In a high school in Nevada last Monday, Tesla officials, together with education leaders from the state, announced a new effort to encourage students to pursue robotics. The new program, which is part of Tesla’s initiatives to promote the STEM field to students, was unveiled at the Cimarron-Memorial High School in Las Vegas, NV.

Last month, Tesla announced that it would be releasing the first $1.5 million of the company’s pledged $37.5 million grant to Nevada’s education sector. The grant was outlined in the company’s documents from October 2014, where Tesla listed the $37.5 million donation as part of Gigafactory 1’s incentive package.

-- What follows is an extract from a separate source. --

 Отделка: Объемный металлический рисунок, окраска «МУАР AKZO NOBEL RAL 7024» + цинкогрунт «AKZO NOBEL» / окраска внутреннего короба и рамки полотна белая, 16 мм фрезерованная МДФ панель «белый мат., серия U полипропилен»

Tesla pledged to make direct contributions to the state’s K-12 programs in its filings to the state, as part of a program that would provide opportunities for students who would like to pursue STEM-related careers.

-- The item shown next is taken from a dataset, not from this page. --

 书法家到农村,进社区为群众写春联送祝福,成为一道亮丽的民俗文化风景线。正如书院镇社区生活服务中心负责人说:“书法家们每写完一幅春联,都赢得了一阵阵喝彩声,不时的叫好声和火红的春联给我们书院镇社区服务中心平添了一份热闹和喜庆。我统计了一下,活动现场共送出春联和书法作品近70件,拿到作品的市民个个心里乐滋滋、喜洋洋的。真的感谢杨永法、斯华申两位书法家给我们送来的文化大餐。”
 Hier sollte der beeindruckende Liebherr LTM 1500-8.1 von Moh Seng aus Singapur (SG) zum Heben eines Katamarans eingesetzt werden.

Cimarron-Memorial High School’s students fit the bill for Tesla’s target demographic. The high school current hosts a robotics team named the High Rollers (also known as FIRST Team 987), which has garnered several wins from competitions under their belt. Students from Cimarron-Memorial have also been involved in mentoring other robotics teams throughout the Clark County School District in Nevada.

For their efforts and the progress the school has made so far in its robotics program, Tesla awarded Cimarron-Memorial with its first-ever Tesla Spark Inspiration Award. Together with other STEM-focused nonprofits such a FIRST, Tesla is now looking to build on the high school’s success, with a goal of establishing a robotics team in every school in the state. In a statement to local news network Las Vegas Now, Cimarron-Memorial High School student Jessica Spierer noted that she is glad to be part of the emerging robotics field.

“The economy and everything is changing, and the world is changing into technology and more robots and more technical fields, and it’s very good to get into it. I’m very happy to be in it,” she said.